There is, therefore, no error of procedure committed by respondents insofar as the investigation and
disciplinary action taken against petitioner is concerned, even if he is under the control and supervision of
the Department of Public Works, in view of the reason we have already stated that he is a presidential
appointee who comes exclusively under the jurisdiction of the President. The following rationale supports
this view:
Let us now take up the power of control given to the President by the Constitution over all officers and
employees in the executive departments which is now involved by respondent as justification to override
the specific provisions of the Civil Service Act. This power of control is couched in general terms for it does
not set in specific manner its extent and scope. Yes, this Court in the case of Hebron v. Reyes, supra,
occasion to interpret the extent of such power to mean "the power of an officer to alter or modify or nullify
or set aside what a subordinate officer had done in the performance of his duties and to substitute the
judgment of the former for that of the latter," to distinguish it from the power of general supervision over
municipal government, but the decision does not go to the extent of including the power to remove an officer
or employee in the executive department. Apparently, the power merely applies to the exercise of control
over the acts of the subordinate and not over the actor or agent himself of the act. It only means that the
President may set aside the judgment or action taken by a subordinate in the performance of his duties.

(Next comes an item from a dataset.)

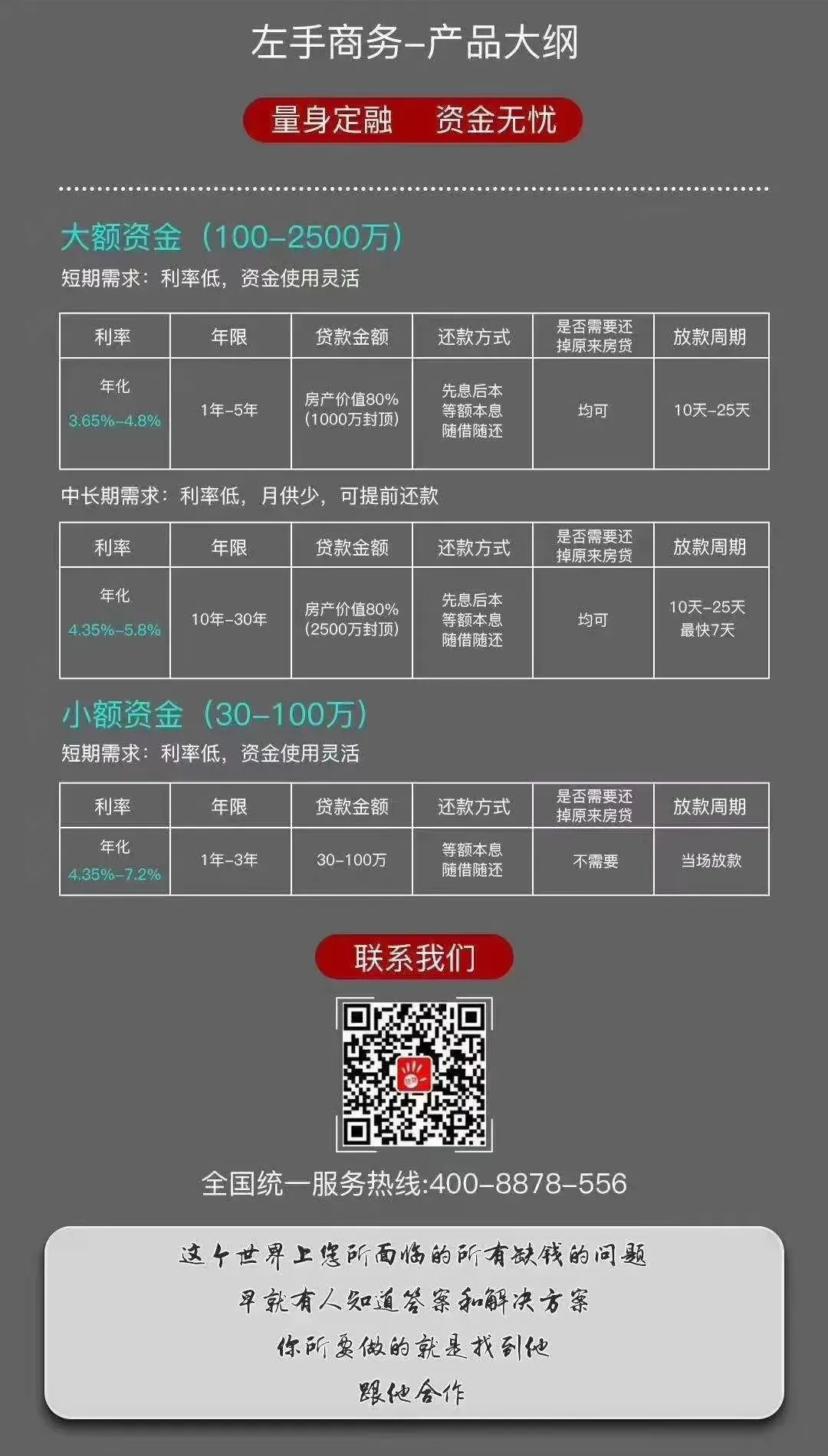 一站式服务:从方案设计、材料准备到放款跟进,36小时快速落地- 本公众号发布的所有内容,包括但不限于文字、图片、音频、视频、图表、标志、标识、广告、商标、商号、域名、软件、程序等,除特别标明外,均来源于网络,版权归原作者或原出处所有。我们致力于保护原作者版权,若涉及版权问题,请及时联系我们进行处理。

That meaning is also the meaning given to the word "control" as used in administrative law. Thus, the
Department Head pursuant to Section 79 (c) is given direct control of all bureaus and offices under his
department by virtue of which he may "repeal or modify decisions of the chiefs of said bureaus or offices,"

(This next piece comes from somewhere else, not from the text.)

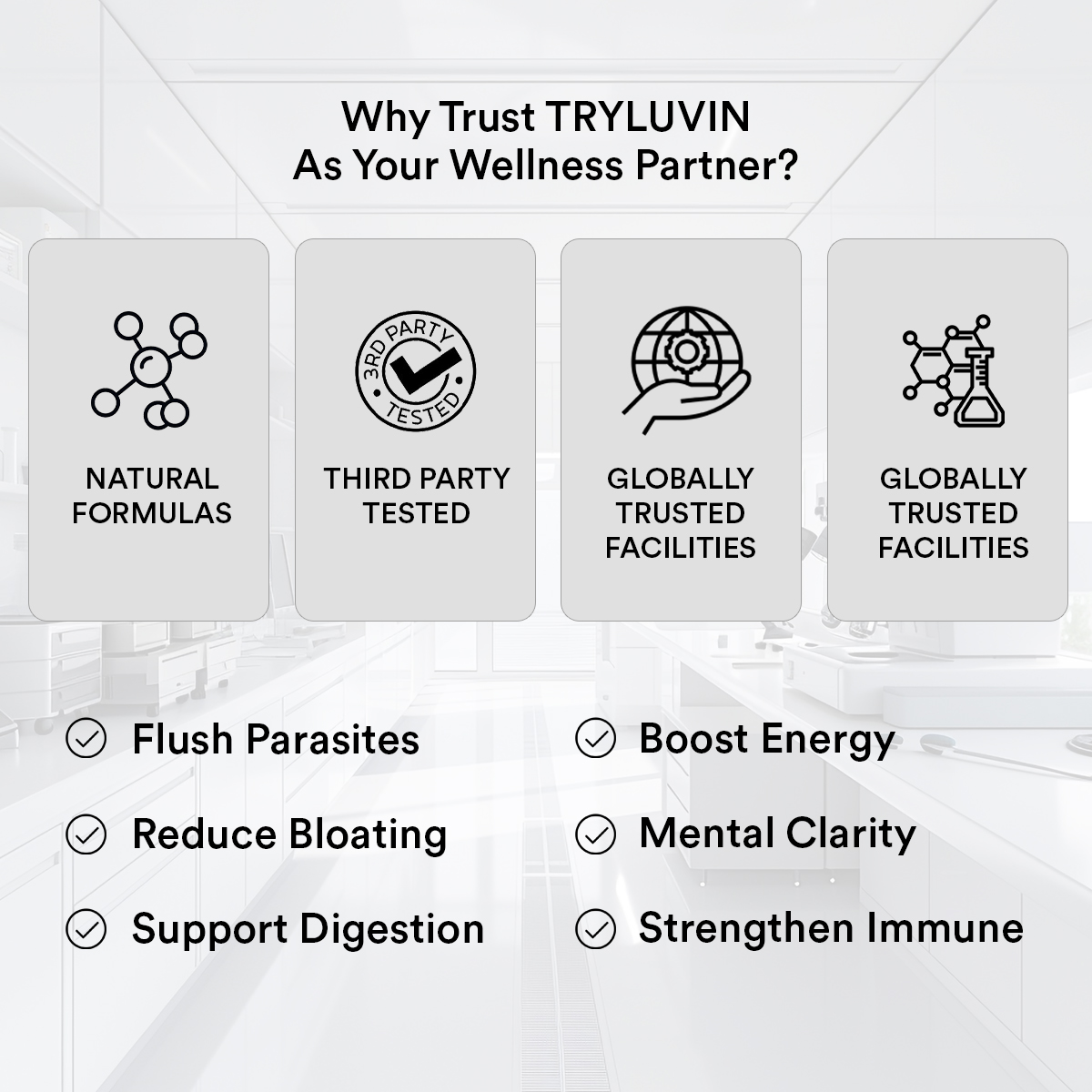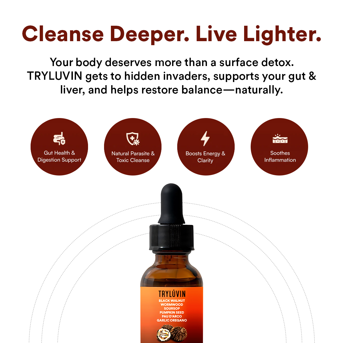 By supporting gut balance and detox pathways, TryLuvin™ Black Walnut Wormwood helps your body reset—so you can feel clearer, lighter, and more energized from the inside out.

and under Section 74 of the same Code, the President's control over the executive department only refers
to matters of general policy. The term "policy" means a settled or definite course or method adopted and
followed by a government, body or individual, and it cannot be said that the removal of an inferior officer
comes within the meaning of control over a specific policy of government. (Ang-Angco v. Castillo, et al.,
supra)
With regard to the claim that the administrative proceedings conducted against petitioner which led to his
separation are illegal simply because the charges preferred against him by Congressman Roces were not
sworn to as required by Section 72 of Republic Act No. 2260, this much we can say: said proceedings
having been commenced against petitioner upon the authority of the Chief Executive who was his
immediate administrative head, the same may be commenced by him motu proprio without previous verified
complaint pursuant to Executive Order No. 370, series of 1941, the pertinent provisions of which are is
follows:
(1) Administrative proceedings may be commenced a government officer or employee by the head or chief
of the bureau or office concerned motu proprio or upon complaint of any person which shall be subscribed
under oath by the complainant: Provided, That if a complaint is not or cannot be sworn to by the
complainant, the head or chief of the bureau or office concerned may in his discretion, take action thereon
if the public interest or the special circumstances of the case, so warrant. 1
Finally, on the theory that the instant petition partakes of the nature of quo warranto which seeks petitioners
reinstatement to his former position as Administrator of the Motor Vehicles Office, we are of the opinion that
it has now no legal raison d'etre for having been filed more than one year after its cause of action had
accrued. As this Court has aptly said: "a delay of slightly over one (1) year was considered sufficient ... to
be an action for mandamus, by reason of laches or abandonment of office. We see no reason to depart
from said view in the present case, petitioner herein having allowed about a year and a half to elapse before
seeking reinstatement." (Jose V. Lacson, et al., L-10177, May 17, 1957).
WHEREFORE, petition is denied. No costs.